Moreover, pairwise epistasis has long been understood to influence not just the selective accessibility of high fitness genotypes but also the pace at which natural selection both increases the frequency of beneficial mutations (e.g., [18]) and at which it purges deleterious mutations (e.g., [31]). This work is closely related to the role that genetic recombination can play in “unlocking” epistatically interacting mutations (e.g., [5, 40]). However, to our knowledge the relationship between these effects and higher-order epistasis remains entirely unexplored.

In addition, we have only quantitatively examined the sequence of epistatic orders sorted by explanatory power (Fig. 1c). Thus, a great deal of information present in these data (e.g., the slopes in Figs. 1b and S1) remains to be examined. And of course, the number and size of available combinatorially complete datasets continues to grow, motivating further work in this regard.

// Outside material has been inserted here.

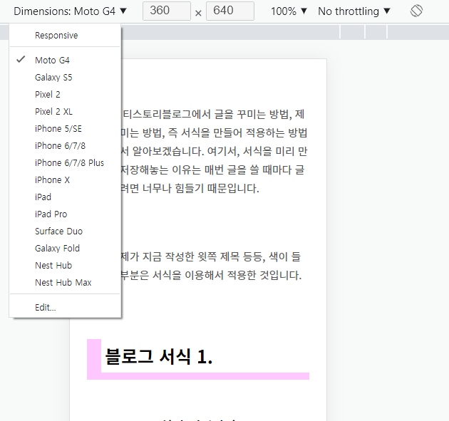 여기서 한 가지 팁이 더 있습니다. 스마트폰은 기종마다 화면 크기가 다르지요? 모든 기종이 가능하진 않지만 몇몇 기종은 해당 디바이스에서 내 포스팅이 어떻게 보이는지 판단이 가능합니다.

It seems reasonable to suppose that the development and testing of more nuanced theoretical predictions may be possible using data of the sort examined here.

Finally, we note that the Fourier–Walsh framework employed here depends on the availability of combinatorially complete datasets. But the experimental demands of this approach grow exponentially with the number of mutations examined. This fact sharply limits the scalability of analytic pipelines like ours. Recently, theoretical progress has been made in the analysis of less-than-complete datasets [6, 12, 13], and older work has also explored this idea [23, 58]. Theory that allows inferences using sparse datasets is likely to be a key advance in our ability explore broad, evolutionarily fascinating questions such as those considered here.